Cine magnífico: «The dresser» de Richard Eyre

por Noelia Giacometto

Cuando la elegancia del cine y el teatro con su magia generan un encanto atemporal de fuerza y calidad artística. «The Dresser» es una película dramática para televisión producida por la BBC, dirigida por Richard Eyre. Adapta la obra de Broadway y el West End del mismo nombre escrita en 1980 por Ronald Hardwood.

Durante una noche de bombardeo en plena Segunda Guerra Mundial, un grupo de teatro shakesperiano intenta levantar una representación de El Rey Lear. El principal problema es el director, Sir (Anthony Hopkins), un brillante y tiránico actor, insufrible para todo el equipo. El ayudante de escenario, el devoto Norman (Ian McKellen), intenta salvar cada crisis mientras a su alrededor comienza el bombardeo del Blitz.

La película se centra en la relación entre el brillante e insoportable director de la compañía, un veterano intérprete shakespeariano, egocéntrico y narcisista hasta límites insospechados y su servicial ayudante personal, Norman.

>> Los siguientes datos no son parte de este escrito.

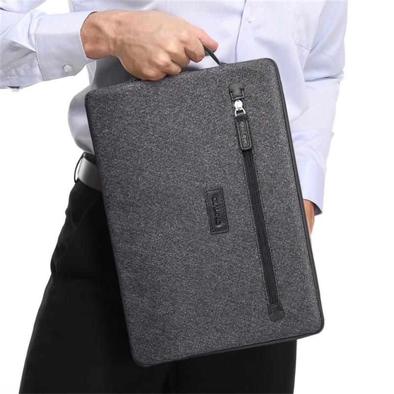 Rejs, pendl eller gå til undervisning med total ro i sindet: Qialino 15" laptop sleeve kombinerer vandafvisende nanotekstil med støddæmpende polstring og en aftagelig håndtagsstrop. Det måler kun 28 x 39,5 cm og passer nemt i en rygsæk, men har alligevel plads nok indvendigt til en bærbar computer, tablet, telefon og oplader. En skjult lynlås og læderforstærkning giver et ekstra lag af sikkerhed og stil i hverdagen.

El camerino es el escenario principal para los sucesos que acontecen donde un decadente actor shakesperiano y su ayudante mantienen una extraña relación que se encuentra entre la devoción y el resentimiento, un complejo vínculo donde los misterios del ser humano confunden y mezclan la admiración, miedos, necesidades y vanidades, pero de una dependencia casi simbiótica. Sir y Norman se necesitan, se completan y complementan. Por momentos se repelen, en otros se espejan. Se identifican en sus flaquezas y en sus miserias.

Sir es un actor que lucha contra las dolencias de su edad, atraviesa un profundo período de crisis personal y artístico. Todo le abruma, a lo largo de unas horas oscuras que vive el personaje de Hopkins pasa por una angustia existencial donde solo evidencia una gran sabiduría más allá de una inevitable decadencia física y mental, entre delirios, ausencias momentáneas y análisis tan coherentes como sorprendentes. Dicha interpretación es una clase magistral actoral para aplaudir de pie. Junto al personaje de McKellen, su devoto asistente de camerino quien le da entereza y confianza, cuando los fantasmas y delirios acosan al prestigioso intérprete.

Maestría e inteligencia en el guion, el texto es magnífico y la dirección es sobria, y existe una genialidad en la interpretación, sobre todo de Anthony Hopkins, actor que ha llegado al límite de sus posibilidades y de su salud: la memoria falla, la mala leche se intensifica, el corazón se resiente. Sin embargo, la pasión y el amor por la representación, el sabor de las funciones, estar sobre un escenario, sacan la esencia preponderante y magnífica que lo llevó a ser una figura actoral relevante. “Si usted no tiene la fuerza nadie la tiene, nunca es demasiado tarde pasan cosas sorprendentes”, dice Sir, demostrando que a pesar de su condición agobiante no solo logra llevar adelante la mejor actuación que haya realizado, sino que con coraje y valentía consigue cumplir sus pendientes profesionales y personales.

En síntesis, «The Dresser» es una cinta que retrata a la perfección la relación de los vínculos y las emociones. De manera elegante y feroz muestra una mirada singular sobre la imperfecta naturaleza de la condición humana. La forma como está ambientada sumado a las características de los personajes, hace que film sea más llamativo aún. Además es una historia en la que el cine homenajea al teatro. El impacto visual y emocional que causan Hopkins y McKellen es una clase superior de actuación.